### Study material
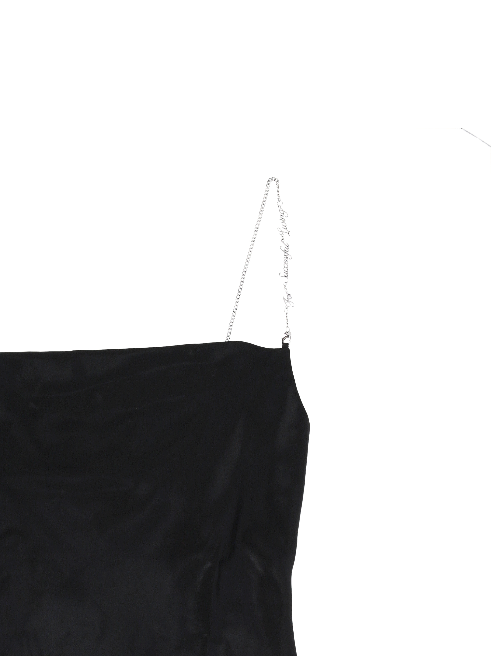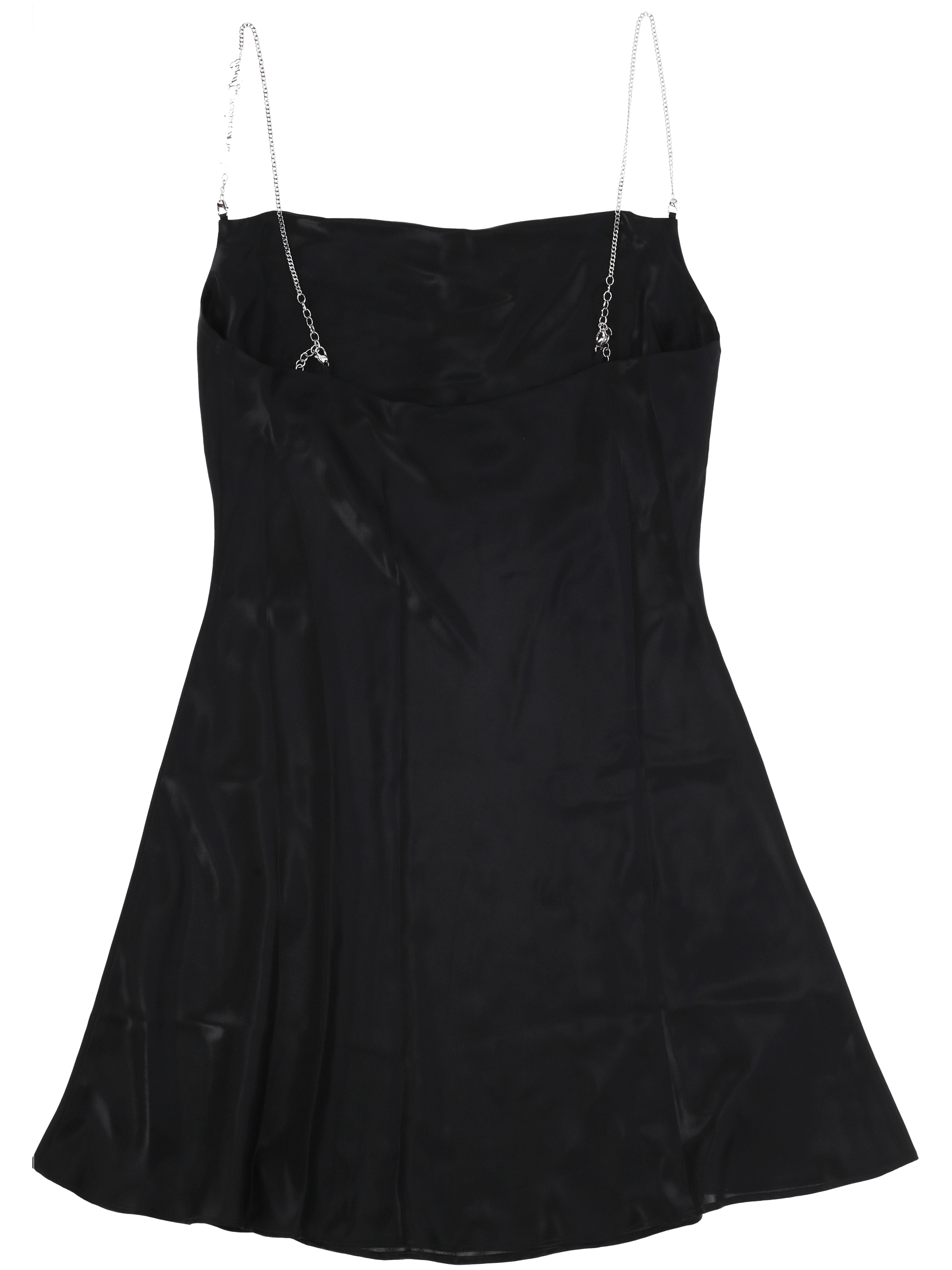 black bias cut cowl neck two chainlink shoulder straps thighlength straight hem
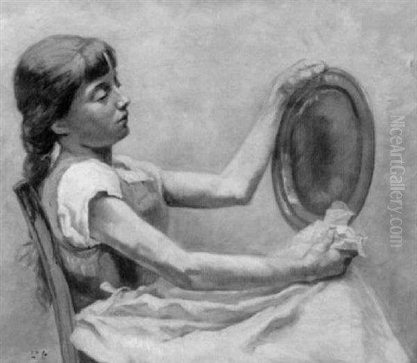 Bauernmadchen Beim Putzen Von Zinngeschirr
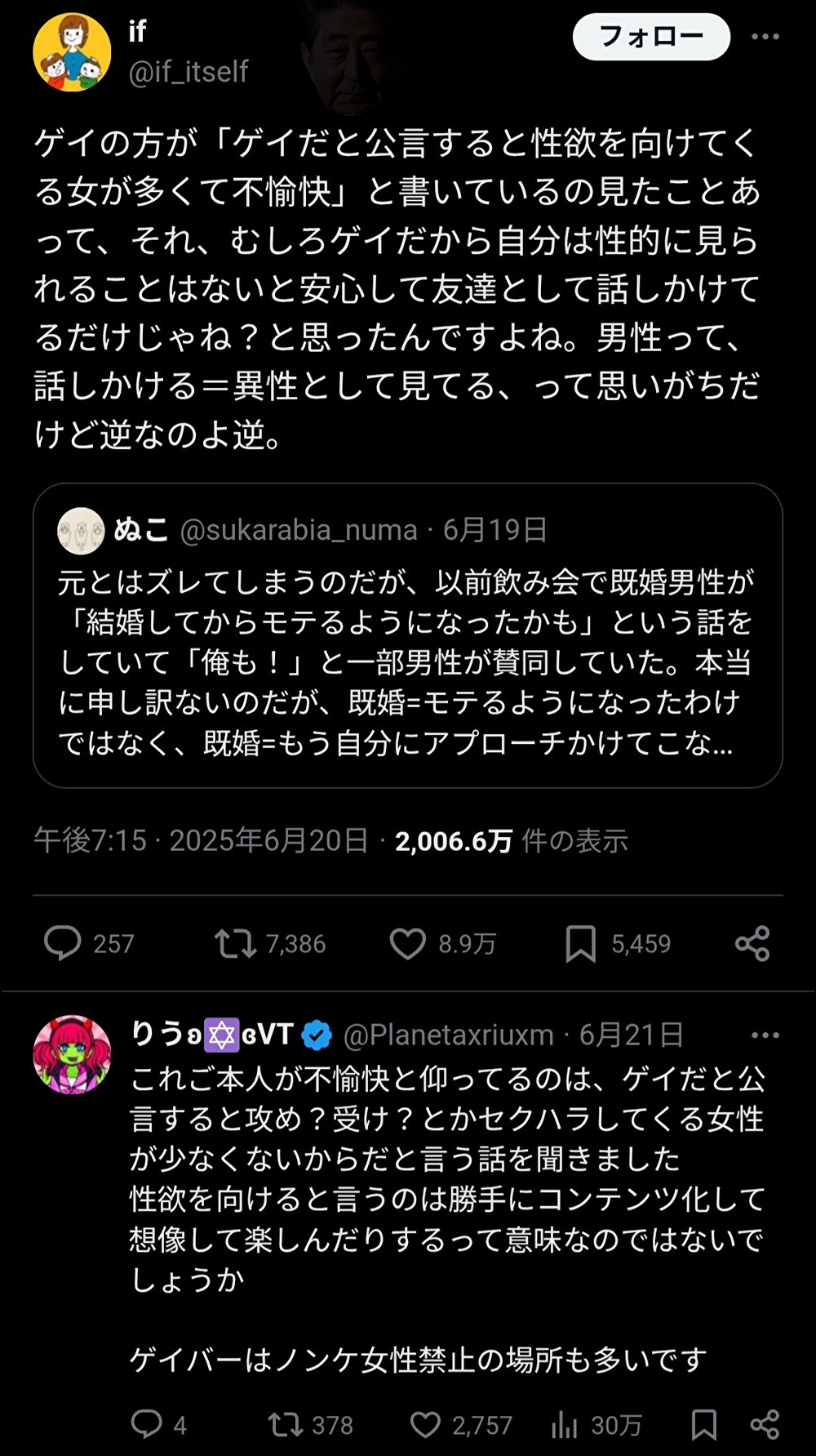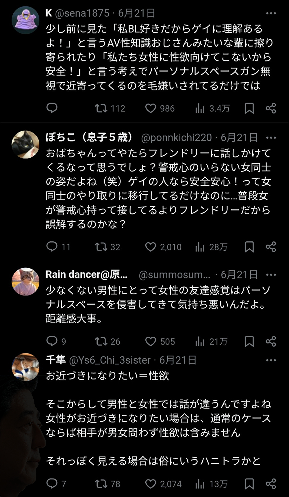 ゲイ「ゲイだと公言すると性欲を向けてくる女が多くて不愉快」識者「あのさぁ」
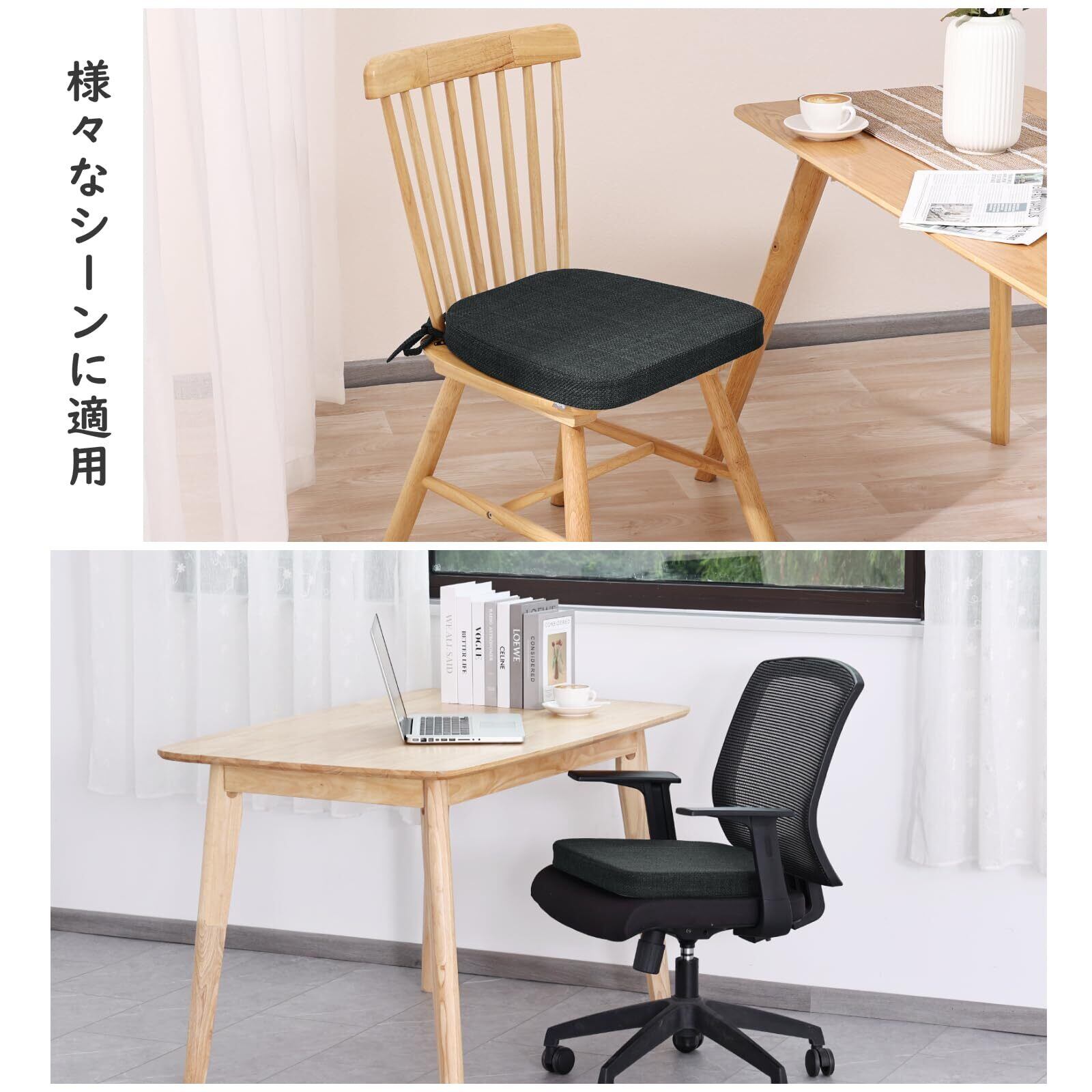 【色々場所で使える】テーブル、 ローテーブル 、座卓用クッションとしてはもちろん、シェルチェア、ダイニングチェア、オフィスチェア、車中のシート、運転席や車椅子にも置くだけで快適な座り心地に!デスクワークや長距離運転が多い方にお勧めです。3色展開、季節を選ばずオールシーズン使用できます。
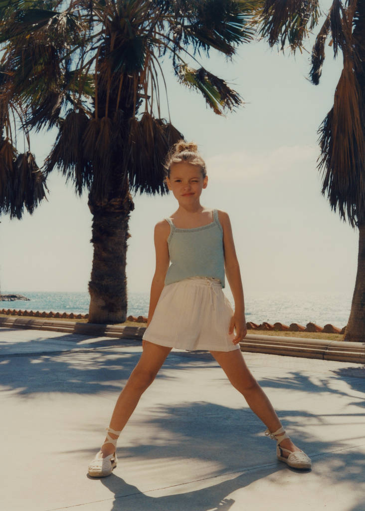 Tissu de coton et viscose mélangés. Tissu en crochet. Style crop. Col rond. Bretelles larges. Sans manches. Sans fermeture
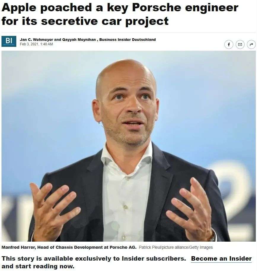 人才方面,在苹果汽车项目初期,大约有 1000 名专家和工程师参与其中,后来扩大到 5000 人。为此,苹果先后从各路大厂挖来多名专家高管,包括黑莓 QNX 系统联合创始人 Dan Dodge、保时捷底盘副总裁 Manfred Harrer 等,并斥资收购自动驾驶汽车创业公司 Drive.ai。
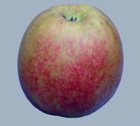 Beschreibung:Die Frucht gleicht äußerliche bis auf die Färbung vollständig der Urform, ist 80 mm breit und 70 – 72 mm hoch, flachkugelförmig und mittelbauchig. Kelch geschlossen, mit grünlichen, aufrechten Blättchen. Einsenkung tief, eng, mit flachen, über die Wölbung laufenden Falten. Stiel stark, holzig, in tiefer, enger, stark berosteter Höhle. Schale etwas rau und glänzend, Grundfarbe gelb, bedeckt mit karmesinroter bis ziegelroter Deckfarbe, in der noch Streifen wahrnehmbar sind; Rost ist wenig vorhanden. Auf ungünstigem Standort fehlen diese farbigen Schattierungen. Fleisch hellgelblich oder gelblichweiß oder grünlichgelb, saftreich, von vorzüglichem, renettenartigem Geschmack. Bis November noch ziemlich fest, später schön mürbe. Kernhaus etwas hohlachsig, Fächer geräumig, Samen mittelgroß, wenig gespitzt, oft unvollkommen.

### Your goal
Would you set down the records exactly, with no pictures included?

### Result
 black bias cut cowl neck two chainlink shoulder straps thighlength straight hem
 Bauernmadchen Beim Putzen Von Zinngeschirr
 ゲイ「ゲイだと公言すると性欲を向けてくる女が多くて不愉快」識者「あのさぁ」
 【色々場所で使える】テーブル、 ローテーブル 、座卓用クッションとしてはもちろん、シェルチェア、ダイニングチェア、オフィスチェア、車中のシート、運転席や車椅子にも置くだけで快適な座り心地に!デスクワークや長距離運転が多い方にお勧めです。3色展開、季節を選ばずオールシーズン使用できます。
 Tissu de coton et viscose mélangés. Tissu en crochet. Style crop. Col rond. Bretelles larges. Sans manches. Sans fermeture
 人才方面,在苹果汽车项目初期,大约有 1000 名专家和工程师参与其中,后来扩大到 5000 人。为此,苹果先后从各路大厂挖来多名专家高管,包括黑莓 QNX 系统联合创始人 Dan Dodge、保时捷底盘副总裁 Manfred Harrer 等,并斥资收购自动驾驶汽车创业公司 Drive.ai。
 Beschreibung:Die Frucht gleicht äußerliche bis auf die Färbung vollständig der Urform, ist 80 mm breit und 70 – 72 mm hoch, flachkugelförmig und mittelbauchig. Kelch geschlossen, mit grünlichen, aufrechten Blättchen. Einsenkung tief, eng, mit flachen, über die Wölbung laufenden Falten. Stiel stark, holzig, in tiefer, enger, stark berosteter Höhle. Schale etwas rau und glänzend, Grundfarbe gelb, bedeckt mit karmesinroter bis ziegelroter Deckfarbe, in der noch Streifen wahrnehmbar sind; Rost ist wenig vorhanden. Auf ungünstigem Standort fehlen diese farbigen Schattierungen. Fleisch hellgelblich oder gelblichweiß oder grünlichgelb, saftreich, von vorzüglichem, renettenartigem Geschmack. Bis November noch ziemlich fest, später schön mürbe. Kernhaus etwas hohlachsig, Fächer geräumig, Samen mittelgroß, wenig gespitzt, oft unvollkommen.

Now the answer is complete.